Japan's Horse of the Year seemed sprinkled with stardust as she strode along the turf for the first time Tuesday morning to the backdrop of the rising sun.

Numerous film crews and a legion of reporters, notebooks in hand, were hanging off every word that trainer Sei Ishizaka dared to utter as the filly stretched her legs by completing a full lap of the course.

Ishizaka does not seem the type to resort to hyperbole, being a fairly typical exponent of Japanese humility, but there was no disguising where he felt his filly should be in the pantheon of Japanese equine achievement.

"In the history of the Japan Racing Association there have been several fillies that have achieved the Triple Crown," Ishizaka stated.

"I believe she is better than most of them and is still young. She is only just four years old and can be one of the best fillies ever."

Gentildonna's Triple Tiara success last season was nothing but par for the course as the daughter of Deep Impact, a Japanese Triple Crown winner himself.

It was Gentildonna's victory in the Japan Cup in Tokyo in November, however, that sealed her greatness. In second was Orfevre, himself a Triple Crown winner who had thrown away the Prix De l'Arc Triomphe at Longchamp a month earlier.

The colt, who was the highest-rated middle distance performer in the world, tried to bustle and bump the younger filly out of stealing his limelight but under Yusanari Iwata she gave as good as she got in return and fought furiously to deny Orfevre by a nose.

She became the first three-year-old filly in history to win the Group 1 race, run over the Sheema distance of 2,400 metres.

"To be ranked as the top filly in the world is a great honour," Ishizaka said. "If she can race in the same sort of form that she has in the past then she has a very good chance of winning. Her greatest assets are that she is a very clever horse and has a very strong heart."

Winning in Japan is one thing, but Japanese fillies have struggled to assert themselves on the world stage in the past.

Vodka, the highest-earning filly of all-time in Japan, could not land a blow in four starts in Dubai in three seasons from 2008.

Buena Vista, the 2011 Japan Cup winner, was only eighth in the Dubai World Cup behind Victoire Pisa the same year, although it had finished second in the Sheema Classic the previous season.

Ishizaka knows how hard it can be to translate Japanese form to foreign climes having brought Vermilion to Dubai without success twice.

Vermilion was 15 lengths behind Invasor in the 2007 World Cup, and was firmly put in his place when Curlin put 40 lengths on him 12 months later.

"It is very difficult to win on the world stage," Ishizaka said.

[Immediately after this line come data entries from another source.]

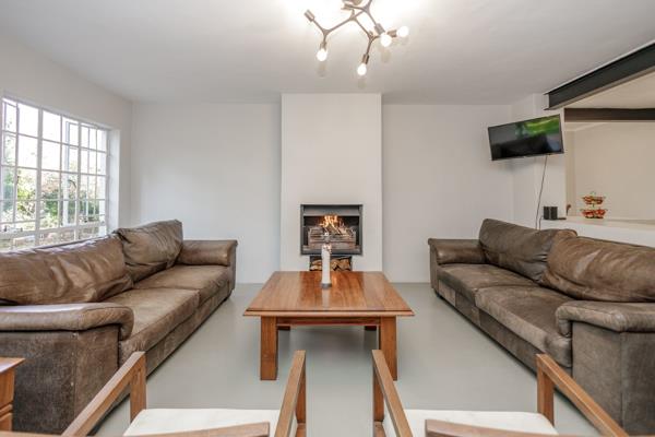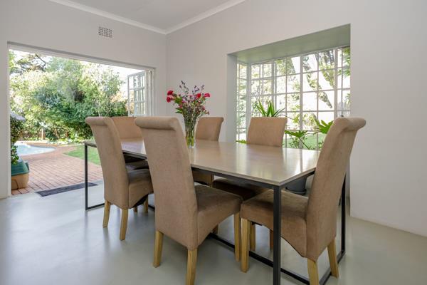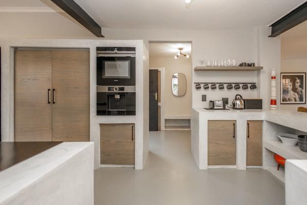 The entrance displays open plan clutter free living. Pristine kitchen with Bosch/Siemens appliances, including 5 gas plate hob, electric oven, has a built-in combination microwave and coffee machine. The breakfast nook completes the space. Dining and living spaces are open plan and integrated with doors leading out to the established garden.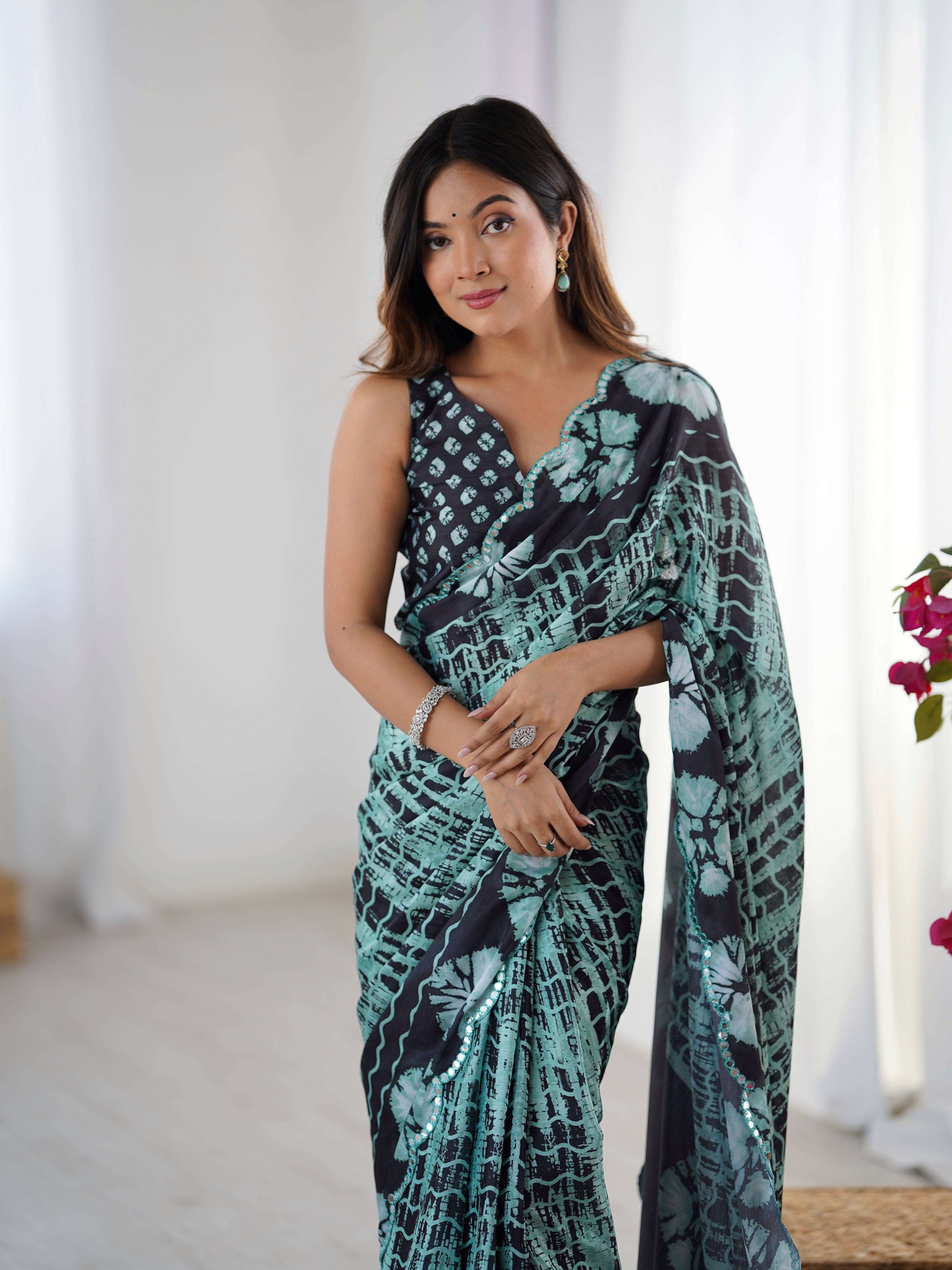 Sea Green Chinon Digital Printed Designer Saree With Blouse 64319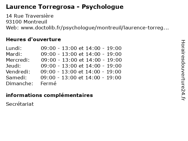 | Lundi | 09:00-13:00 et 14:00-19:00 |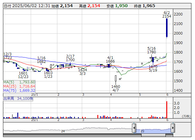 5530>が続急伸し上場来高値を更新している。5月30日の取引終了後、25年6月末時点の株主から株主優待制度を導入すると発表したことが好感されている。毎年6月末時点で1単元(100株)以上を保有する株主を対象に、保有株数に応じてQUOカードを1000円~4000円分贈呈する。なお、初回の25年6月末時点の株主には、保有株数100株以上200株未満の株主に対してはQUOカード2000円分、保有株数200株以上の株主に対してはQUOカード4000円分を贈呈する。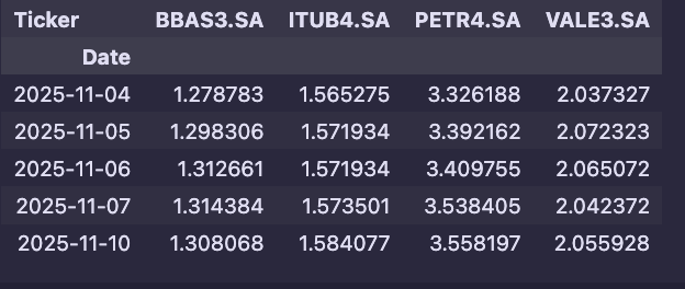 O verdadeiro poder do Pandas brilha quando escalamos. Vamos agora fazer o mesmo cálculo para um portfólio de blue chips brasileiras: Banco do Brasil (BBAS3.SA), Vale (VALE3.SA), Petrobras (PETR4.SA) e Itaú Unibanco (ITUB4.SA).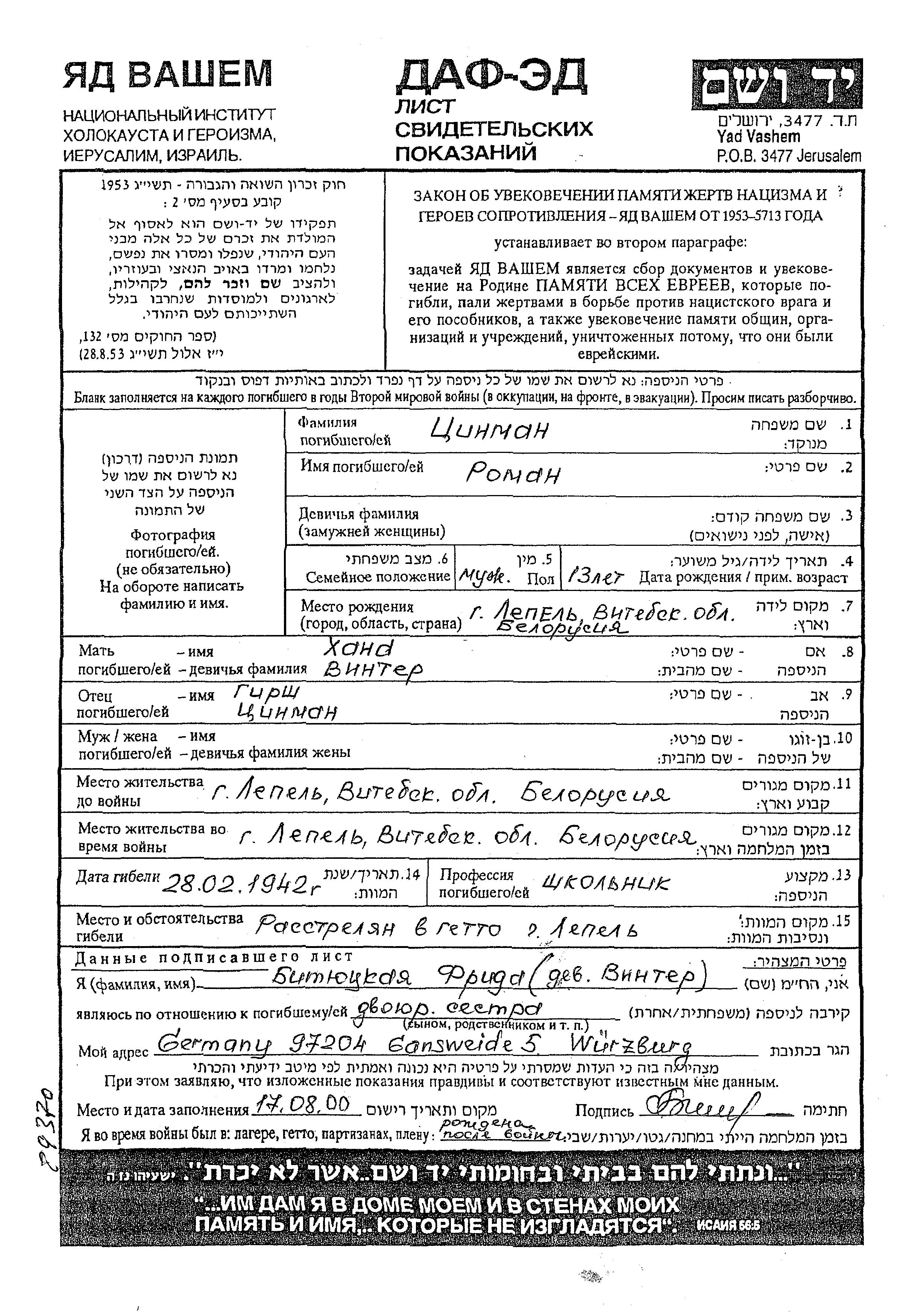 Roman Tzinman wurde in Lepel, Weißrussland (UdSSR) geboren. Er war der Sohn von Hirsh und Khana. Er war Schüler/-in und Kind. Vor dem Zweiten Weltkrieg lebte er in Lepel, Weißrussland (UdSSR). Während des Krieges war er in Lepel, Weißrussland (UdSSR).

"There have been many statistics that said she could not win the Japan Cup and the Oaks. She overcame them all and re-wrote history.

"Bringing a horse all the way to Dubai is not going to be easy, I know that. Gentildonna is not an ordinary superstar horse though.

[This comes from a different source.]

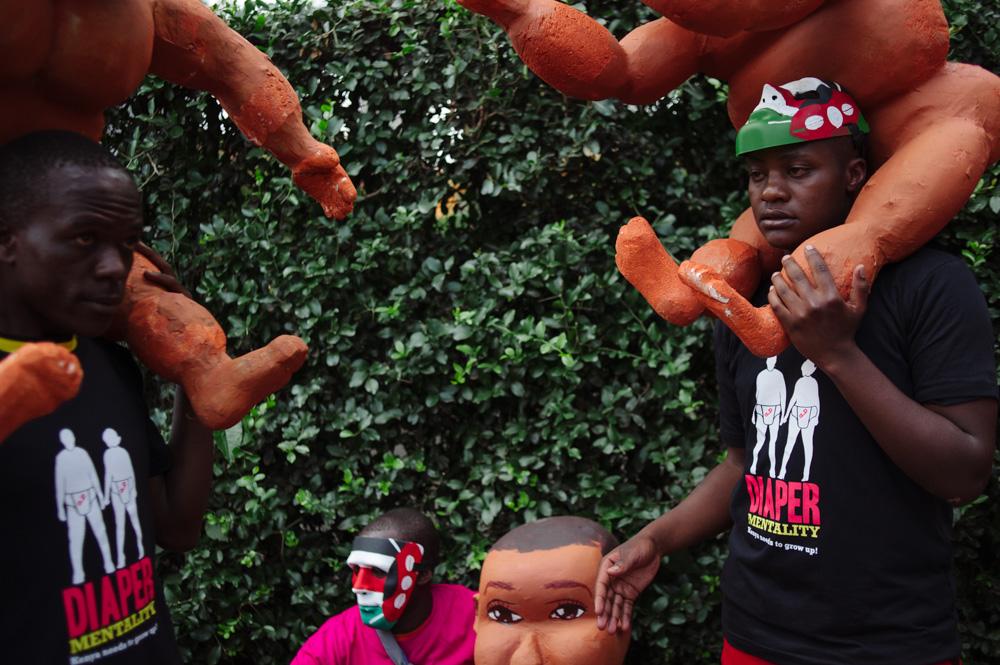 Nairobi, Kenya – The artists had spent weeks on the babies. There were fifty of them, and they were finished in the early hours of the morning of the protest. Carved from blocks of polystyrene and papier mâché for skin, they were carried down towards “Freedom Corner”, at Nairobi’s Uhuru Park.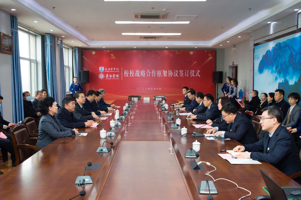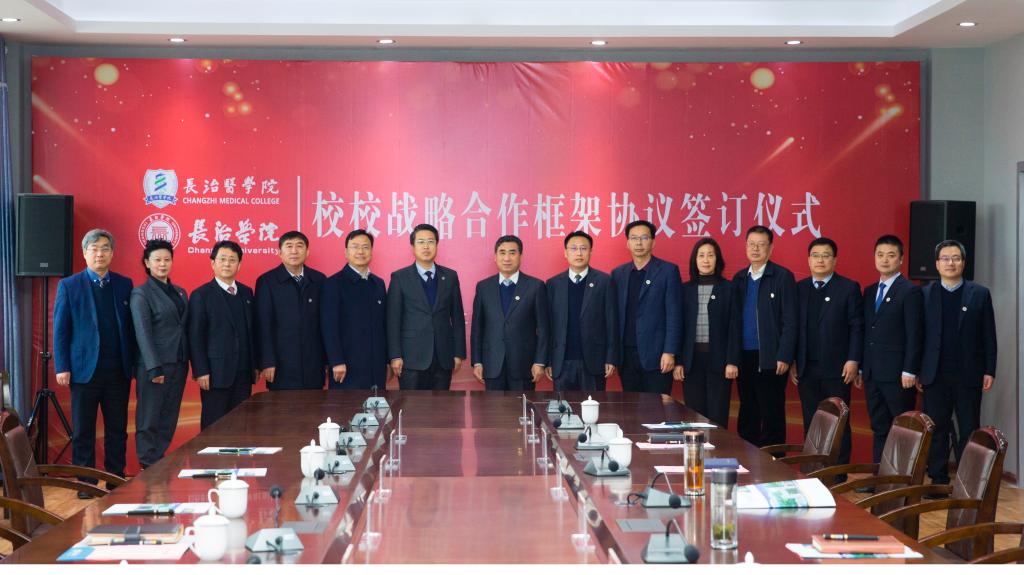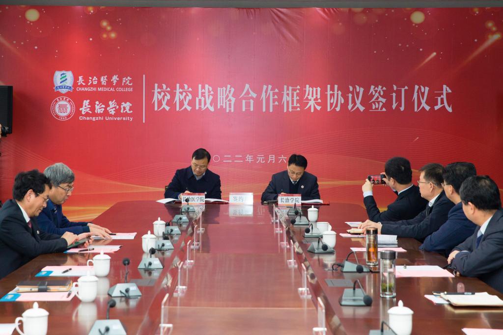 1月6日下午,长治医学院与长治学院战略合作框架协议签约仪式在长治学院举行。长治医学院党委书记李华荣,党委副书记、校长王金胜,纪委书记徐建和,副校长宋晓亮、胡春香、郑金平;长治学院党委书记郝勇东,党委副书记、校长曹景川,党委副书记史晓东,纪委书记焦雨,副校长卫崇文、李强、铁军、王志军;两所学校的相关部门负责人出席签约仪式。仪式由长治学院党委委员、副校长李强主持。

"She is out of the range of any other."

There were around 30 Japanese journalists on Tuesday and that number is set to swell over the next few days as Dubai World Cup night looms.

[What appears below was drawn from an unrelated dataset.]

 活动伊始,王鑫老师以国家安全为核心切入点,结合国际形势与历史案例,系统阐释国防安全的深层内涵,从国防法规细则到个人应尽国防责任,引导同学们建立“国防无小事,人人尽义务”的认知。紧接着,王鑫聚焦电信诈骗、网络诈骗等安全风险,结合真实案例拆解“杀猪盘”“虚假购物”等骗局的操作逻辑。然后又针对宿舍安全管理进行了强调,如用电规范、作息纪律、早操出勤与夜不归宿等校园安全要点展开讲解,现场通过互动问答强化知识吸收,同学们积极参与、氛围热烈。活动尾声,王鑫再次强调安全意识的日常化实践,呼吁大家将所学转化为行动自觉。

What seems impossible to get much greater, however, is the admiration in which those journalists hold Gentildonna.

"Everybody in Japan thinks she is a superstar," said Miho Wada, a journalist for Nikkan Sports News, a Japanese daily racing paper.

"Daughters of Deep Impact are usually compact, but she is well muscled and very powerful. She is getting bigger all the time, especially in her hind quarter, which does not look very lady-like at all."